What defines reality? I ask this because reality is based off perception. Then perception is based of an individual experience, and every individual is made different. Meaning everyone has this different individualized, reality. How can you tell when something is real? The phrases and the questions tied to reality are often peculiar too: does if feel real? What does something real feel like exactly? I catch people saying “Real Talk” all the time, but what distinguishes dialogue and conversation from this so called “Real Talk” that you seem to be having. But going back to these peculiar statements, often framed as questions: How can you feel realness? How do you know when realness approaches you? How do you know when realness is so up in your face that you are almost up close and personal making out with it, to then think am I really making out with it? Is it really up in my face?
Time travel with me, because it seems like some realness never changes. The perplexity of your dreams. How far fetched, how far reaching, how unreal they can be. However, they are very much our own interpretation of realness because we set out to attain them, live them, accomplish them, these dreams. No matter how complex, or how unrealistic, we live life with that goal of living our dreams.
I will borrow some words from my favorite author of all time, J.K Rowling, in Harry Potter and the Deathly Hallows there was a particular moment where it all comes together: “Of course it is happening inside your head, Harry, but why on earth should that mean that it is not real?’ But there it is, exactly that. Our perception of what is real begins with what we are envisioning, followed by an emotion it evokes and then if it makes us feel uncomfortable we then question the validity of its “realness.” But if it was in your head, it was real to you that very moment you envisioned it.
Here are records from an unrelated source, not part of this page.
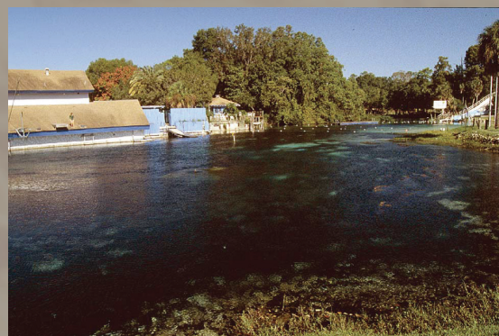
The beautiful Weeki Wachee Spring in Hernando County, FL.

Restoring wetlands, reducing water consumption, setting restorative minimum spring flows, and implementing a recovery strategy are all needed now to restore Weeki Wachee and other springs and keep freshwater flowing to the Gulf.
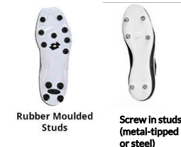
Rubber Moulded Studs
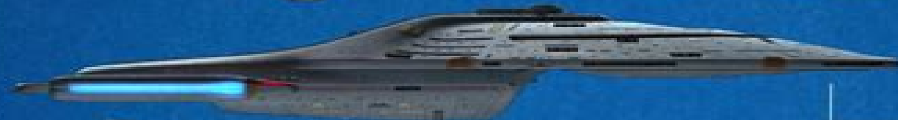
STAR TREK INTREPID CLASS - 344 METERS
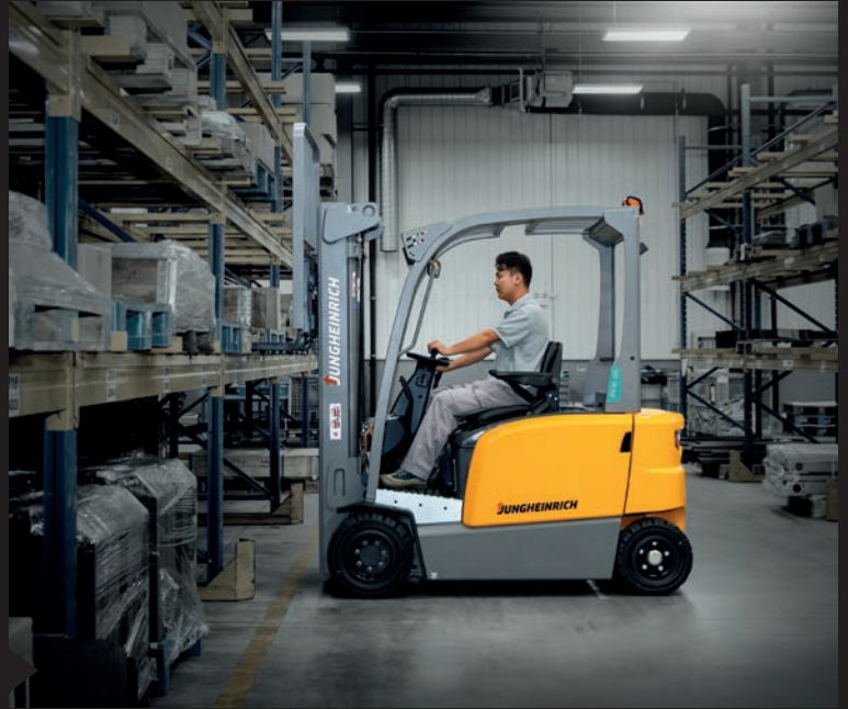
EFG BC 320: Robust mast quality and high residual capacity up to 5 m lift height.
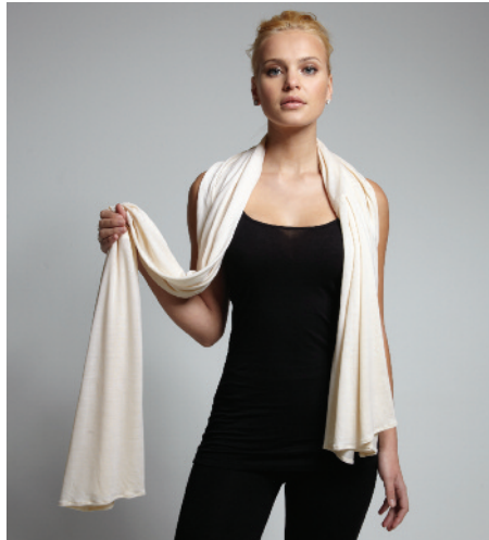
2. Place the fabric around your neck lengthwise keeping one side longer than the other
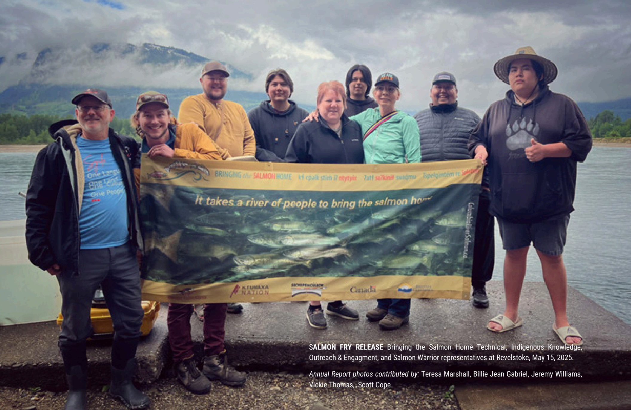
SALMON FRY RELEASE Bringing the Salmon Home Technical, Indigenous Knowledge, Outreach & Engagment, and Salmon Warrior representatives at Revelstoke, May 15, 2025.
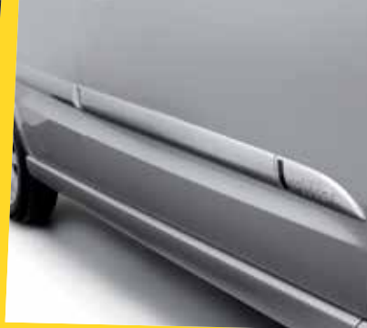
SIDE BODY MOULDING SET
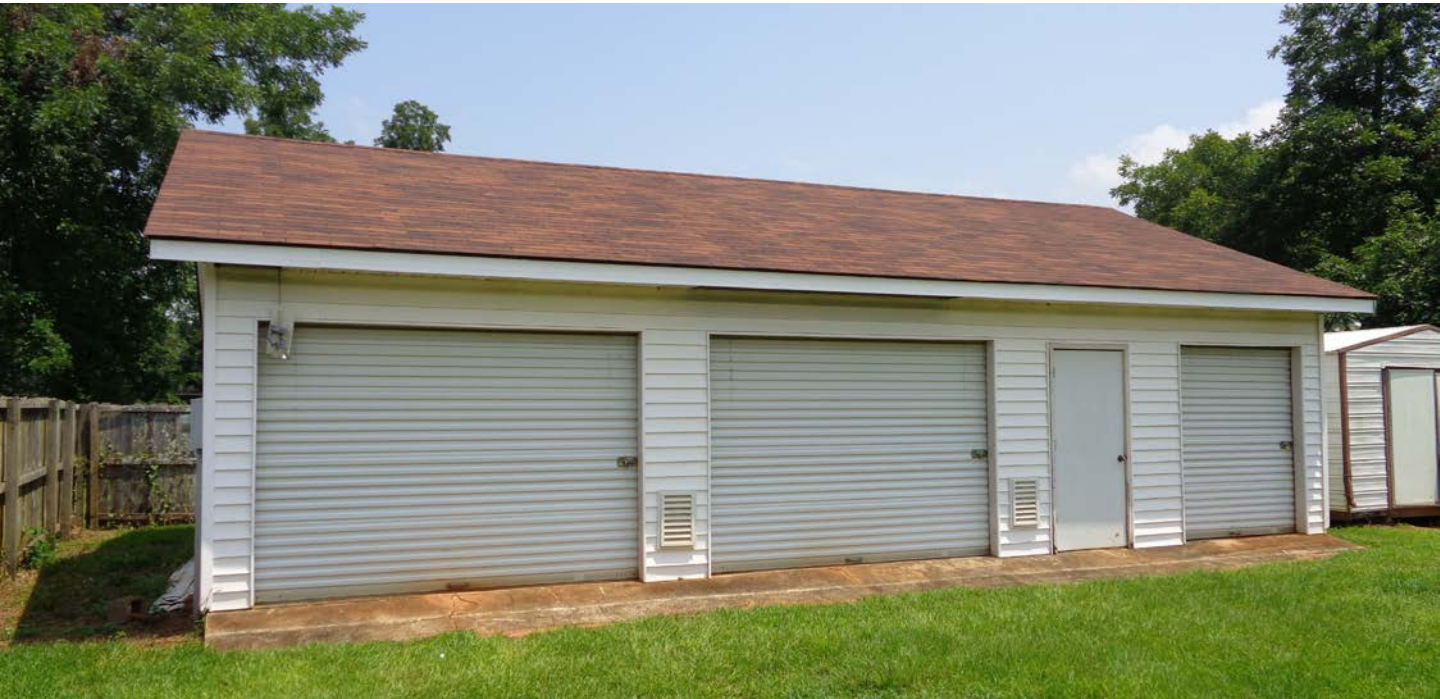
Detached 3-Bay Storage Building
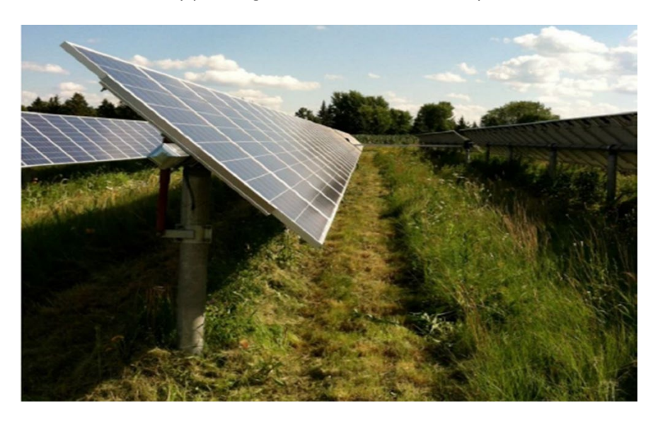
Mowing between solar panels.

Pollinator-friendly plantings under and around solar panels.
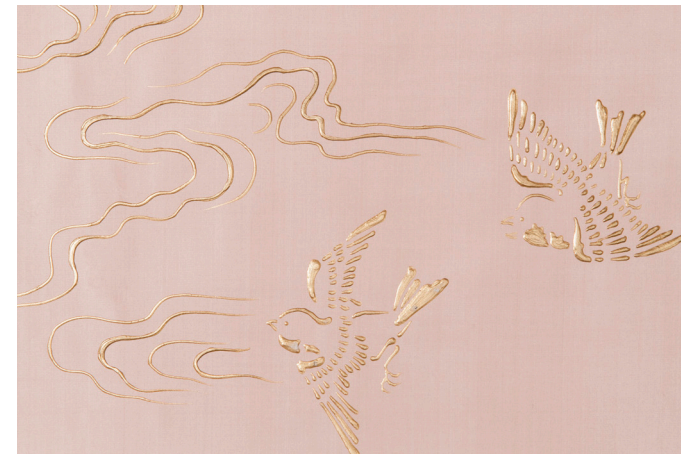
08 Asama on Mademoiselle Silk
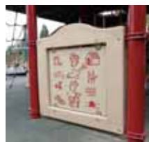
Animal Panel $5,000
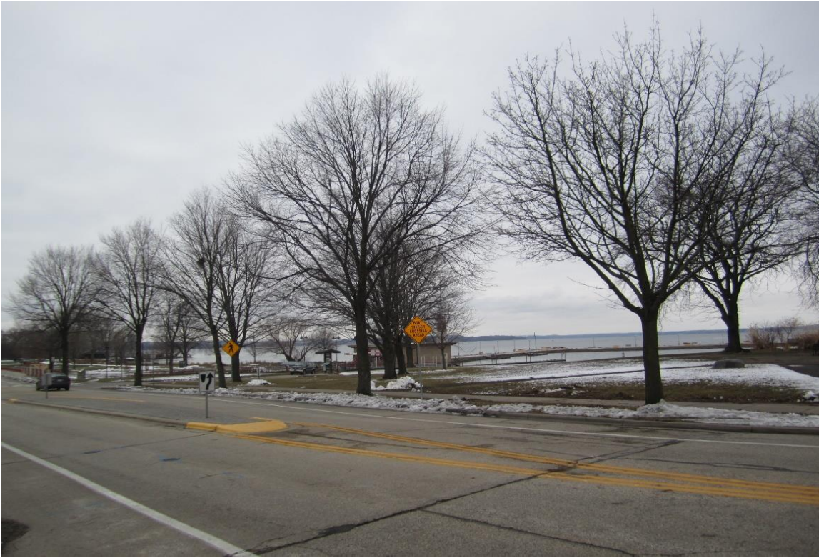
View to Southwest (Tenney Locks, Lake Mendota) from Filene House. Photo 12.12.22
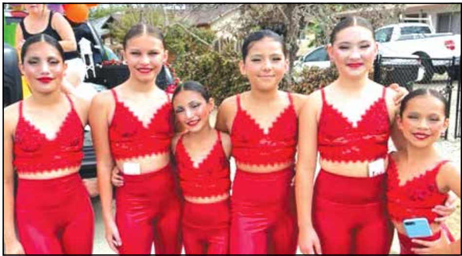
Planet Dance Studio had a great waving to the crowd and performing their routine.
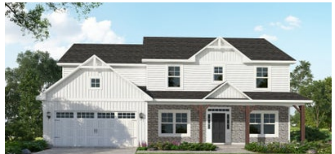
Elevation F with Stone
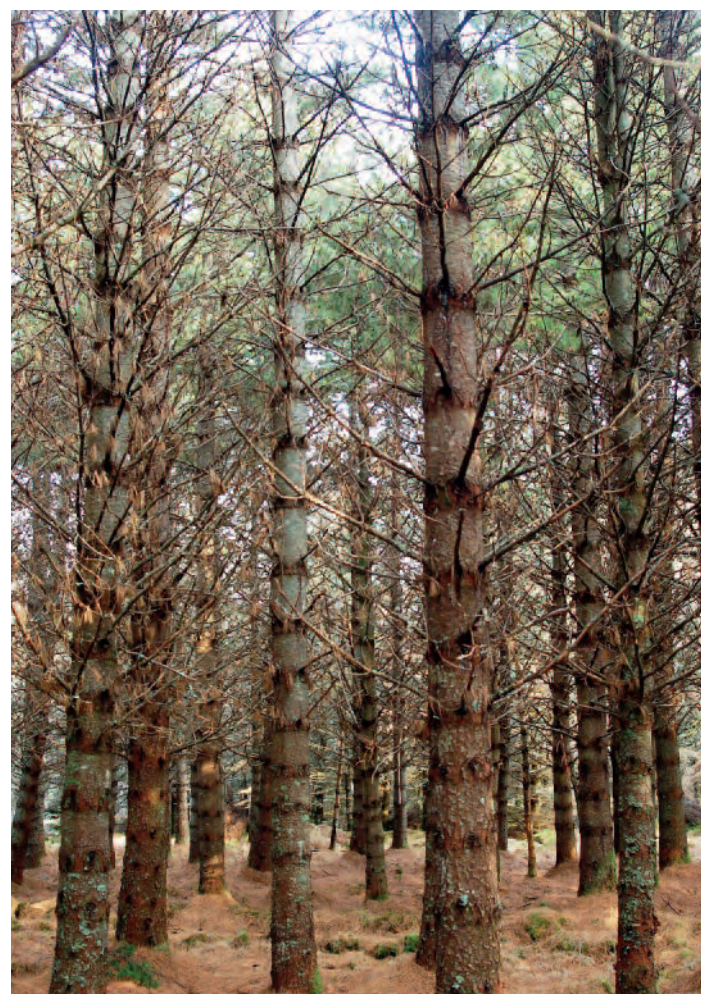
Figure 8. Pinus peuce at Shin, Sutherland at age about 40 years. Note the coarse branching and apparently high basal area in comparison with natural stands shown in Figs. 1 and 2.

This slow initial growth is carried over into the early years of the establishment phase as shown by results from a 1995 experiment near Llandovery in mid-Wales. This investigated the effect of fertilizer or herbicide inputs on survival and growth of Macedonian pine planted on either a cultivated (scarified) site or uncultivated ground. Scots pine was also planted for comparison. After six years, the main result observed was an increase in survival of Macedonian pine in the presence of cultivation (Table 1), but height growth was slow and less than half that found with Scots pine.
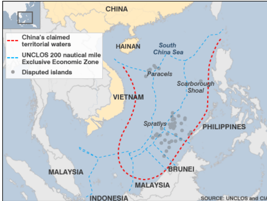
Figure 2. Contested Boundaries in the South China Sea

blocked two Philippine supply ships from reaching the Sierra Madre , claiming that they were carrying construction materials.
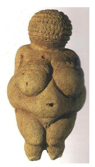
Fig.8. Venus of Willendorf, Austria, c. 25,000-21,000 B.C. Limestone (115cm) high. Naturhiswisches Museum, Vienna, courtesy of L.S. Adams in A History of Western Art, 2001.

The body seems to comprise three segments, the upper, middle and lower parts. The structure of the pot is not new, as far as the 4<sup>th</sup> century B.C. in Greece, potters made similar pots of such magnitude. Sieber believes that these pottery forms in Greece were not intended to be vases, but had different shapes and functions (Sieber, 2007:11).
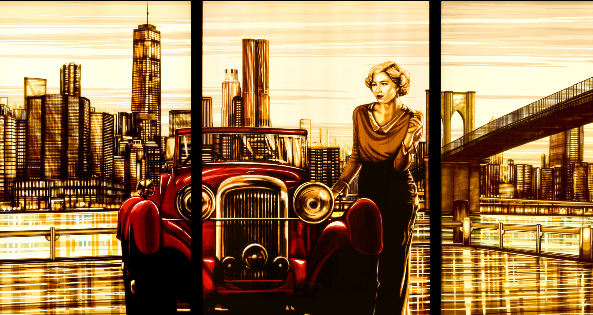
"Floating In Time" by Max Zorn
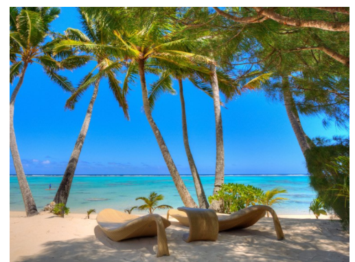
RELAX ON THE BEACH
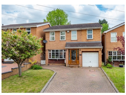
The Holloway, Swindon, Dudley
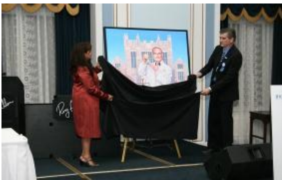
Centennial Art Commission is unveiled
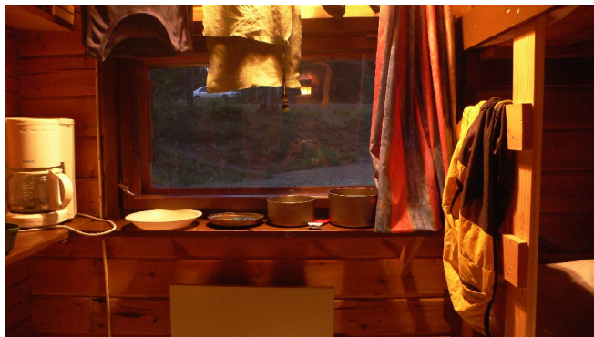
After the time trial. Spending the night in a cheap cabin.

This morning, as progress was better than expected, the time trialist saw his opportunity. Speed went up and became constant. Scarily constant. During two hours I passed the 10-km signs at :18, :38, :58. At CycleVision I have never been able to ride this rigidly.
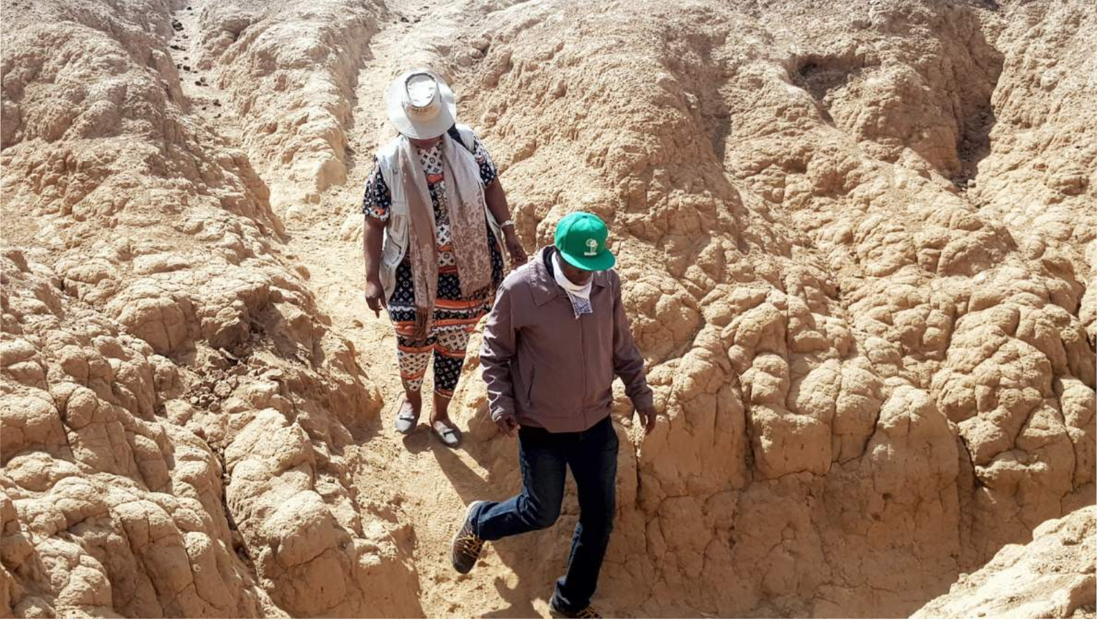
The Livestock Coordinator and the TAAT M&E Specialist on their way to the soil conservation site
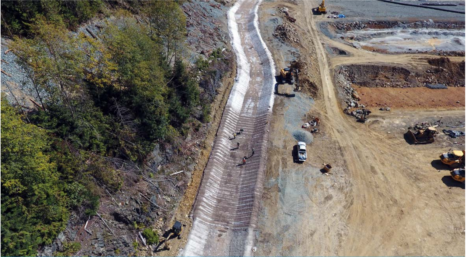
Aerial view of installation

I grew up an only child living with my mom in Brooklyn. We had this dingy run down sort of apartment in 46th street, two blocks from the park where I spent the great majority of my childhood. We lived with one of my mother’s friends mostly because we couldn’t afford a place of our own, but what I vividly remember was the room me and my mother shared. It was small, but very much ours, full of natural lighting, my bed against these this long panel of windows where on the sill I would rest my books and puzzles. Our furniture was basically crammed together creating tiny passages for walking space near the door and towards our beds. There was enough room to sit on the floor and spread your legs outwards in the dead center of the room. In that space in particular, I was a teacher. I was the Headmistress. I used to have these little plastic stools my mom bought for me to sit and do my homework in, that became the long tables that represented each of the four different houses. I never taught magic, but I taught them my science homework, my complicated math and my most favorite, history. I had a whole classroom in my room when my mom would go to work and I would stay home. Reading this, it comes as something completely ludicrous but it was my reality, and how I fell in love with teaching. I knew I wanted to be a teacher when I felt how real and how passionate I became of being able to come home so passionate about what I learned that I immediately wanted to teach others.
Teaching is such an overlooked, under appreciated profession when it is actually the most rewarding. I dream to be a teacher someday, and that is what I consider in your face real at the moment. Although still not so close for me to grasp, it is one of those things that I have a fire for burning inside because its been a reality in my head since I was a little girl. In my head my room would come alive, be filled with questions, and students talking. I envisioned the classroom that had cauldrons at the end of the room and filled with vapors. Although this was clearly in my head, it doesn’t stop it from being my reality. My imagination is definitely something that keeps me sane and driven, which I am thankful for everyday. The greatest of innovations, all started a simple dream, perceived as reality, made come true.